行動をおこせない一番の理由として「どうやって銘柄を選んでいったらわからない(涙。」というのが多いようです。ここからは長期スタンスの株式投資をする上でぜひ知っておいてほしい指標のお話をしたいと思います。
目次
機関投資家も必ずチェックするPERとは?
幣事務所ではファイナンシャルプランナー資格を取得するための合格対策講座も開催させていただいていますが、受講生徒さんがかならず「資産運用設計」で一回つまずくのがこの横文字。
PERとはPrice Earnings Ratioの略ですが要は「企業の税引き後利益を発行済み株式数で割って一株当たりの利益を出し、その株価が何倍まで買われているか? と示す指標。」と教科書通りにいっても投資初心者の方にはチンプンカンプンかもなので、以下たとえを出します。
PERを男子へのバレンタインデーのプレゼントに例えると…
あなたはいいなと思っている男子に(ただし候補は二人)にバレンタインデーのプレゼントに3万円のブランド物の財布を買ってあげました。
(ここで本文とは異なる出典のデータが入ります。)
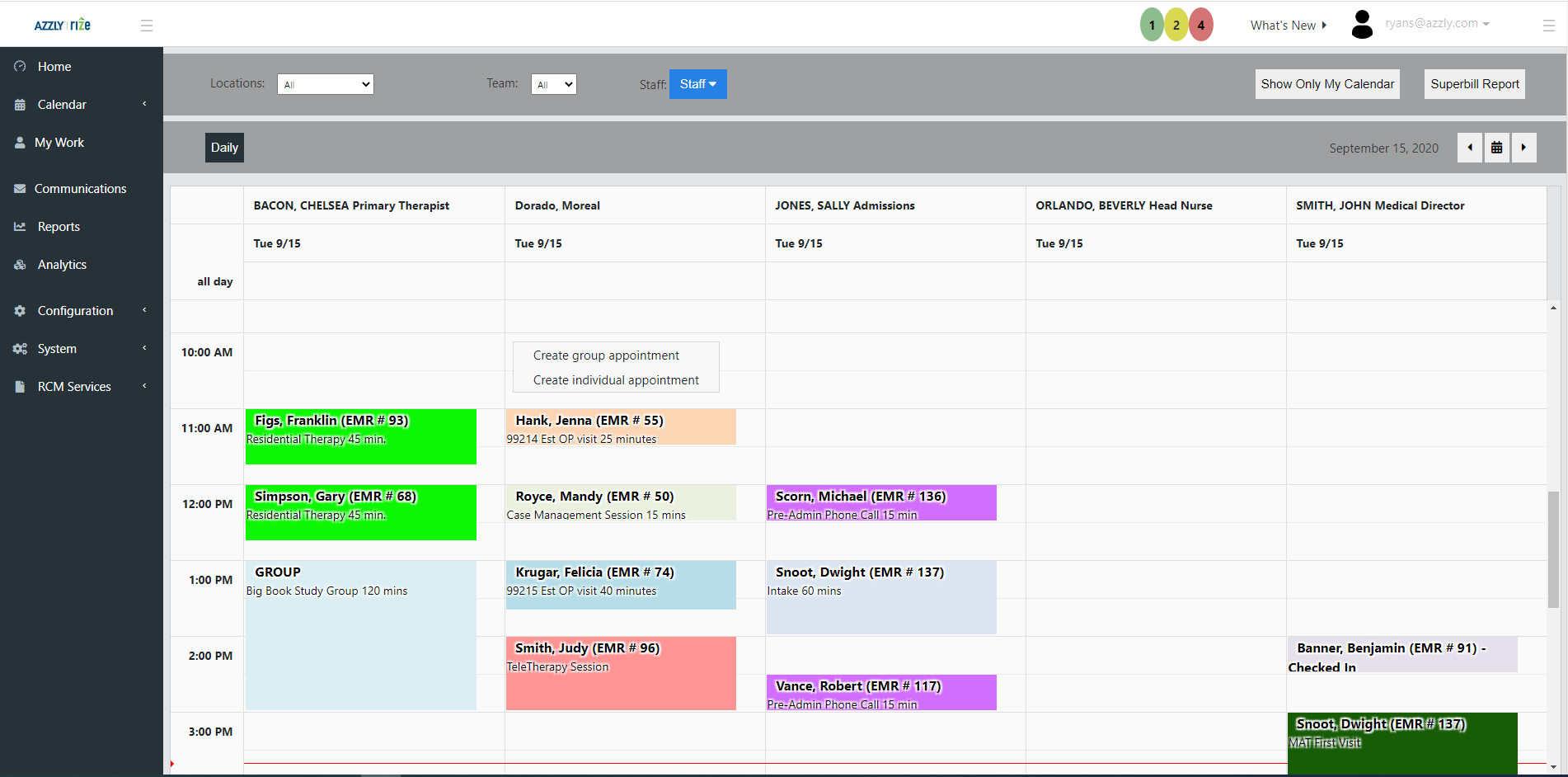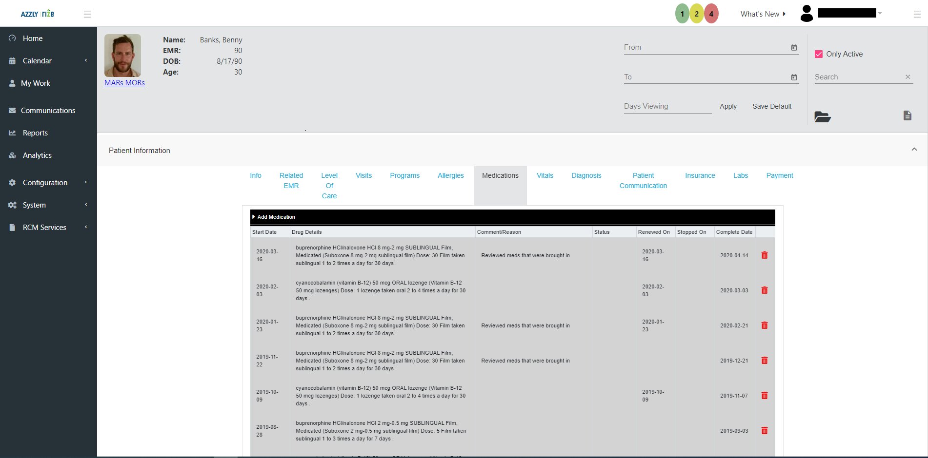 AZZLY Rize is a top-rated addiction treatment and behavioral healthcare-specific EHR, Telehealth Ready and RCM system. We serve small, medium, and large organizations. Rize is very customizable and scalable. Features include e-check-in, scheduling, appointment reminder, EHR, treatment plans, progress notes, outcome measurement tools, medication management, withdrawal management, e-prescribing, EPCS, PDMP, patient communication tools, and electronic billing and claims submission.

ここで愛は抜きにして(笑)。
A夫くんは堅実に大学を出て一流商社企業に入社内定。入社お祝い金もあるし、ホワイトデーには入社後の勉強もかねてアジアの海外旅行に連れて行ってくれるとのこと。B夫くんも同じ大学出身だけれど地元の中小企業に入社決定。ホワイトデーには卒業旅行かわりに国内温泉旅行に連れていってくれるとのこと。
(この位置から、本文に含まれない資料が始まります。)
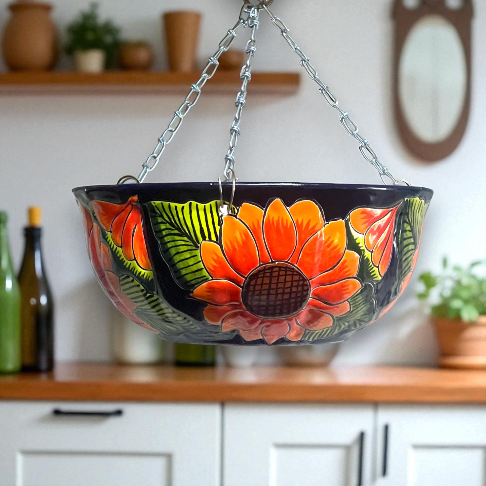 Vibrant Talavera Sunflower Hanging Planter | Artisan Pot

金額ベースでいうとA夫くんは3万円の投資に対して20万円相当のお返し。B夫くんは3万円の投資に対して5万円相当のお返し。そして生涯年収の違いは……!?
愛があれば(?)B夫くんでもいいのかもしれません。しかしながら投資の世界ではA夫くんに投資効率は軍配があがってしまいます。冷たいようですが、シビアなお話です。(汗
企業への投資金額に対して将来予測収益がより多い方が効率的という考え方。(収益がよければ配当が増える可能性もあるし株価も上がる可能性もあるわけです。)これから大きく成長する可能性がある銘柄を見つけるPERの活用の考え方の一つです。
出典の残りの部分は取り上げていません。